The Second Coming: No Smoke Without Fire (NSWF)



The best lack all conviction, while the worst
Are full of passionate intensity.
W.B.Yeats, (1865-1939) The Second Coming


In deliberated and procrastinated fashion FPM are implementing "©NSWF:Reputation", as a patented coinage of financial and corporate vocabulary; of assigning historical reputations to conduct.
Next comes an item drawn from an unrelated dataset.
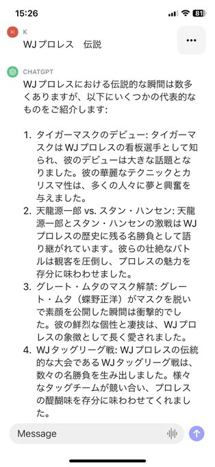 なにぃ〜! あの幻の団体『WJプロレス』のリングにおいて、グレート・ムタが素顔を晒したら…正体は蝶野正洋だったというハプニングがあった⁉︎ いま話題の「ChatGPT」に、WJの伝説を質問したら、ど真ん中じゃない珍回答を連発しました(笑) WJはAIでも解読不能? 驚きの答えは以下↓ #WJプロレス

NSWF stands for “No Smoke Without Fire” principle of an entitiy’s reputation and source of that having some definitive to tenuous truth. And since libel laws exist, our reputation rating of entities derives partly from mosaic research of past wrong-doings and relationships. The enterprise emphasis is investigative truth-telling and setting records straight by shamefully and disgracefully highlighting rogues or perpetrators in financial industry larceny. This reputation-mongering is aligned with FPM’s “Convergence” and “M&A Alternative Kind” enterprises. 

One’s future status is somewhat dependent on our past and present ones. FPM independence and lack of conflict of interest permits pronouncements of financial miscreants. Whereas other sources, such as brokerage research or industry adherents like mainstream media, maybe reluctant to spite the hand that feeds them. In less measure as well, FPM will be signalling singled-out flagships and heroes of progressive good and fair professional financial conduct. This last propriety of financial conduct is our standard expectation of professionals and operations, therefore of less concern for us.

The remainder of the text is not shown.